The study was performed with an adaptive interim analysis. This design includes options for early stopping with rejection of the null hypothesis or for fultility (boundaries α1 = 0.01 and α0 = 0.5, respectively) or for re-estimation of sample size in case of continuation.
For the change in total depression score we assessed non-inferiority of hypericum by a shifted t
test using the prespecified non-inferiority margin of 2.5 points and a global one sided type I error of α = 0.025. We used Fisher's combination test17
in the final analysis, where the null hypothesis can be rejected when the product of the P values from both study parts falls below cα
= 0.0038. An analogous approach consists of calculating the one sided repeated 97.5% confidence limit for the treatment difference adjusted for the interim analysis.18
If this confidence limit is completely above the non-inferiority margin δ = -2.5, hypericum would be judged to be not inferior to paroxetine.

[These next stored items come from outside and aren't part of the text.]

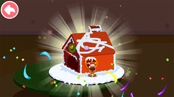 4、点什么?点击糖果盒,把糖球、拐杖糖和小熊软糖放上去吧。哇,好可爱的姜饼屋!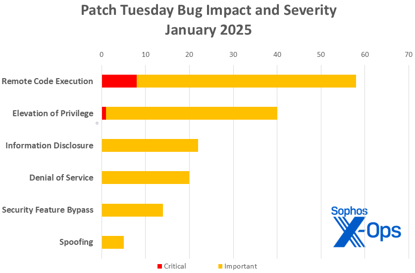 A bar chart showing the distribution of severities of bugs patched in the January 2025 Patch Tuesday set, as described in the article text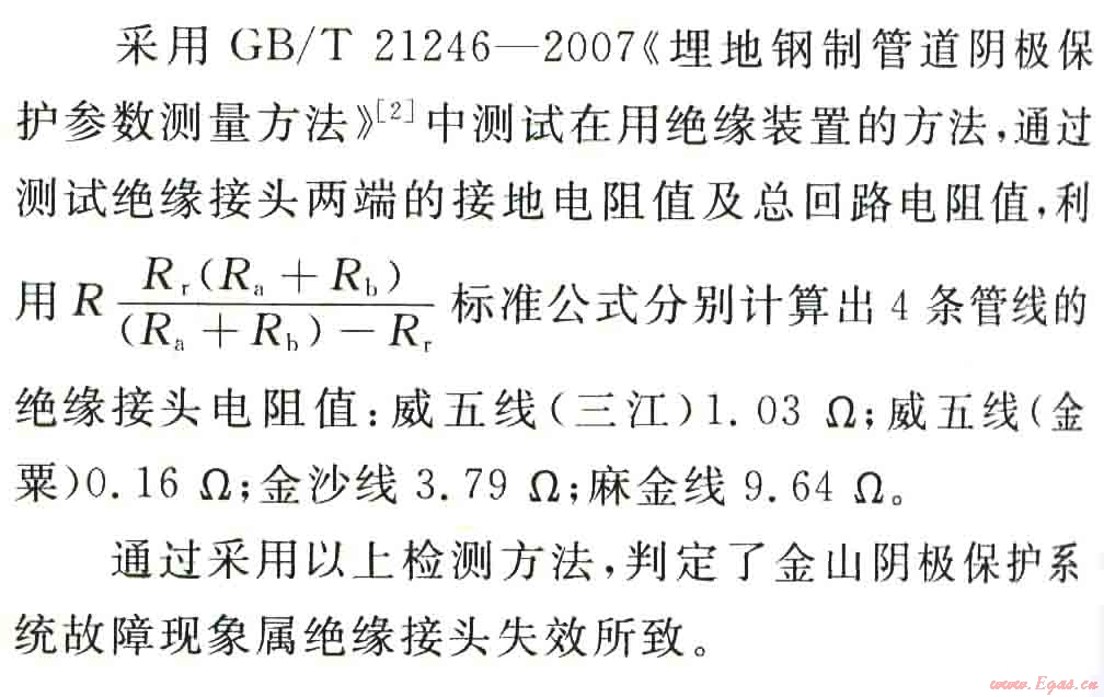 通過采用以上檢測方法,判定了金山陰極保護系統(tǒng)故障現(xiàn)象屬絕緣接頭失效所致。

According to applicable guidance19
we reserved the option of testing for superiority after establishing non-inferiority of hypericum. If the lower one sided 97.5% confidence limit lies above 0, hypericum can be considered superior to paroxetine. We replaced missing values by carrying the last observation forward. The primary analysis was based on the intention to treat analysis to mirror clinical practice. We also performed a per protocol analysis to demonstrate robustness of the trial result to the choice of the analysis set.19
All secondary efficacy and safety measures were analysed descriptively. For the Hamilton total score, we defined response as a decrease in total score of ≥ 50% from baseline and remission as a score ≤ 10 points at week six.
We calculated the sample size for the first stage of the study until the interim analysis by assuming equal changes in depression score in each group with a common SD of 6 points. We needed 2×50 patients to attain 90% power for a one sided P value of P1 ≤ 0.20 in the interim analysis (trend towards non-inferiority of hypericum). The interim analysis resulted in a one sided P1 = 0.084 for the primary outcome measure so that the local type I error level for the second part of the trial was determined as cα/P1 = 0.045. Assuming a common SD of 6 points and equal means in both groups, we needed 2×75 patients to attain a power of 80% for the second stage of the trial, resulting in a total sample size of 2×125 patients.